Oxidation half-reaction:
Fe2+(aq) --> Fe3+(aq)
Reduction half-reaction:
Cr2O72-(aq) --> Cr3+(aq)
3. Balance the atoms other than oxygen and hydrogen in each half-reaction. In the oxidation half-reaction, there is only one atom on each side, so it is already balanced. In the reduction half-reaction, we have:
Cr2O72-(aq) --> 2Cr3+(aq)
4. Balance the oxygen atoms by adding water (H2O) molecules to the side that needs them. In the reduction half-reaction, we have seven oxygen atoms on the left side, and we need to balance it to three on the right side. Therefore, we add four water molecules to the right side:
Cr2O72-(aq) + 4H2O(l) --> 2Cr3+(aq)
5. Balance the hydrogen atoms by adding hydrogen ions (H+) to the side that needs them. In the reduction half-reaction, there are 8 hydrogen atoms on the left side, and we need to balance it on the right side. Therefore, we add 8 hydrogen ions to the left side:
Cr2O72-(aq) + 4H2O(l) + 8H+(aq) --> 2Cr3+(aq)
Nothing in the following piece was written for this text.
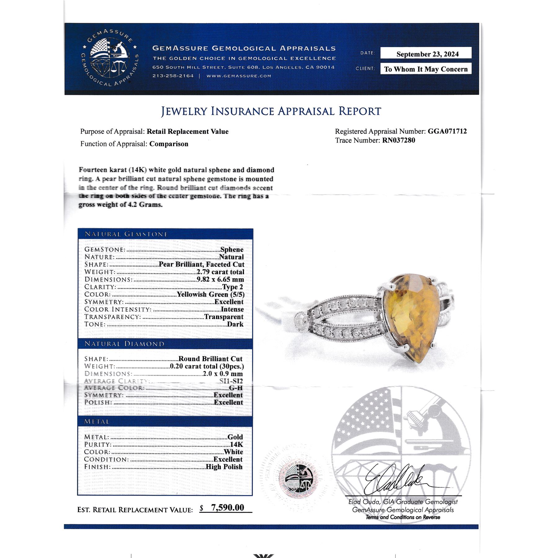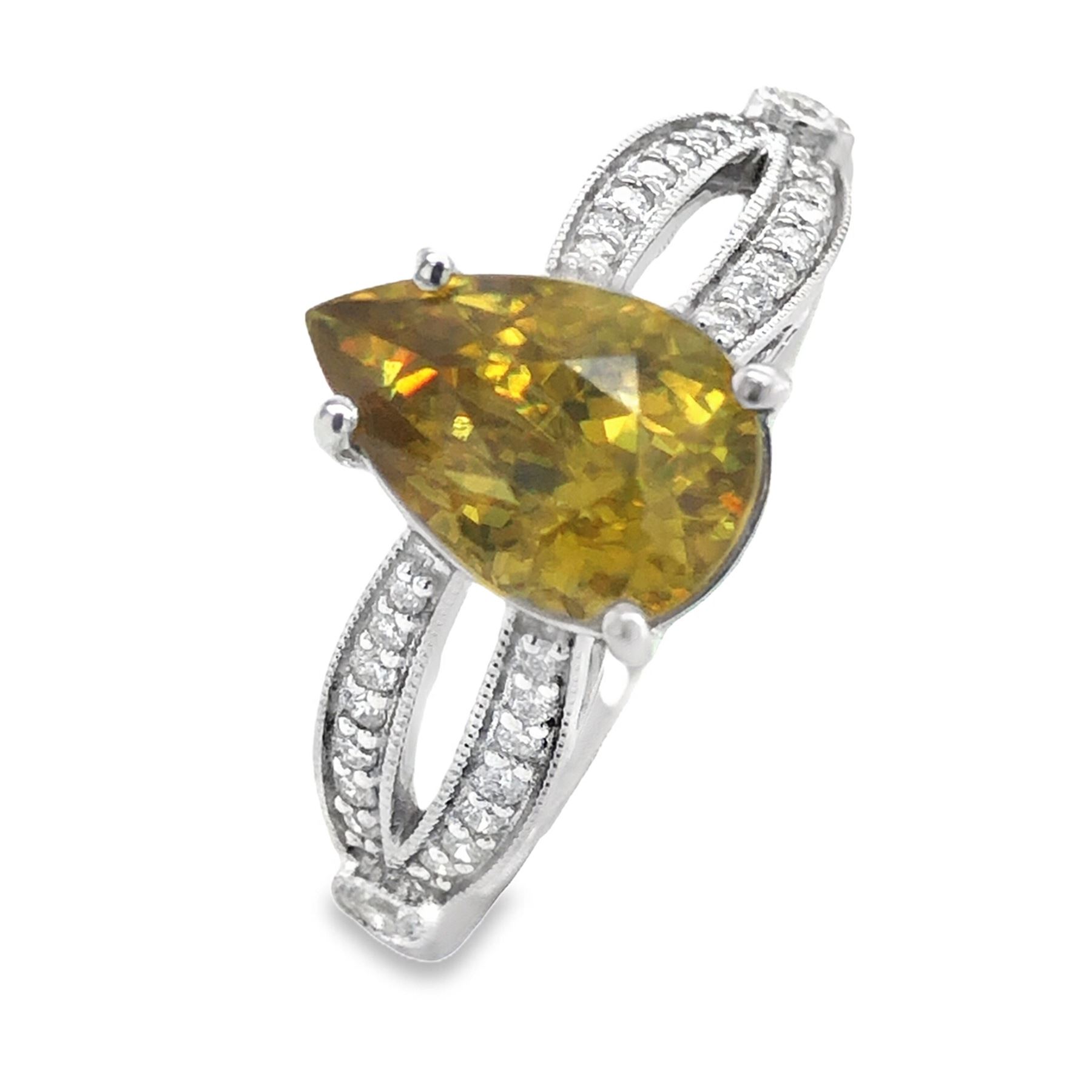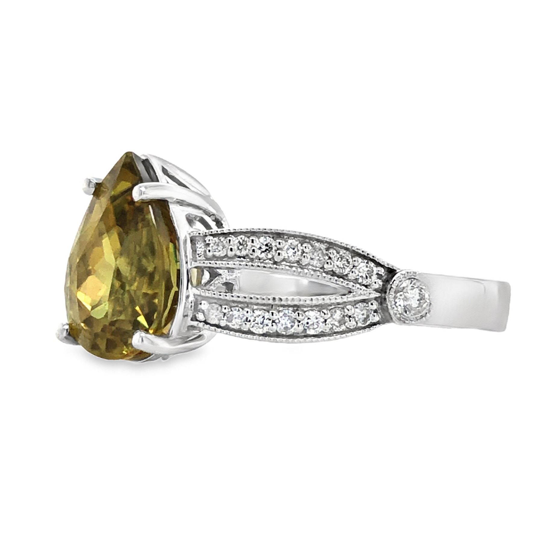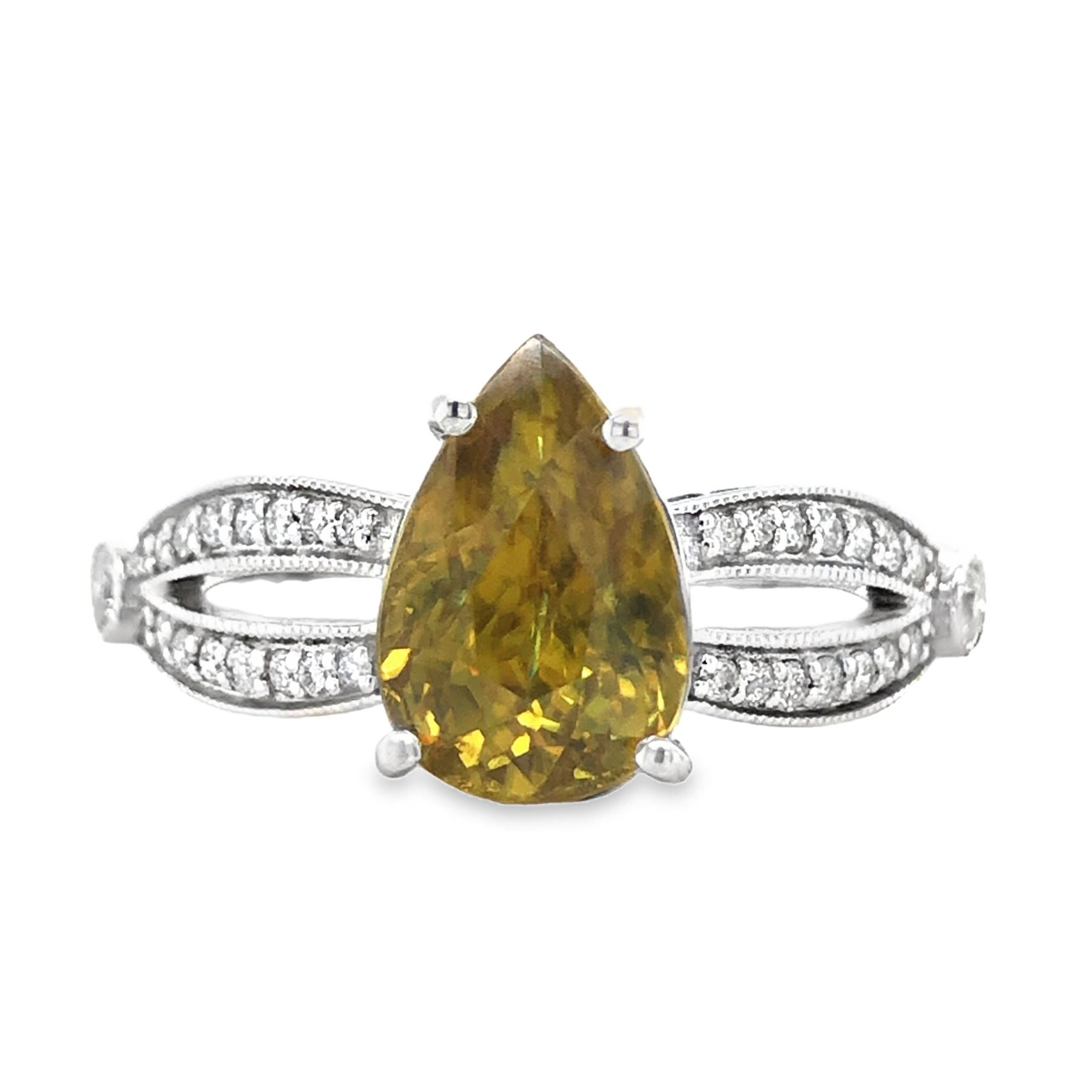 DESCRIPTION DETAIL: A pear-shaped Sphene ring with diamonds set in double shoulders.

6. Now, let's determine the number of electrons transferred in each half-reaction. In the oxidation half-reaction, Fe2+ loses one electron to become Fe3+, so the number of electrons lost is 1. In the reduction half-reaction, each Cr3+ ion is formed from one Cr2O72- ion, which requires 6 electrons. Therefore, the number of electrons gained is 6.
7. To balance the electrons, multiply the oxidation half-reaction by 6 and the reduction half-reaction by 1:
6Fe2+(aq) --> 6Fe3+(aq)
Cr2O72-(aq) + 4H2O(l) + 8H+(aq) --> 2Cr3+(aq)
8. Combine the half-reactions and cancel out the common species on both sides:
6Fe2+(aq) + Cr2O72-(aq) + 4H2O(l) + 8H+(aq) --> 6Fe3+(aq) + 2Cr3+(aq)
Now, the redox reaction is successfully balanced.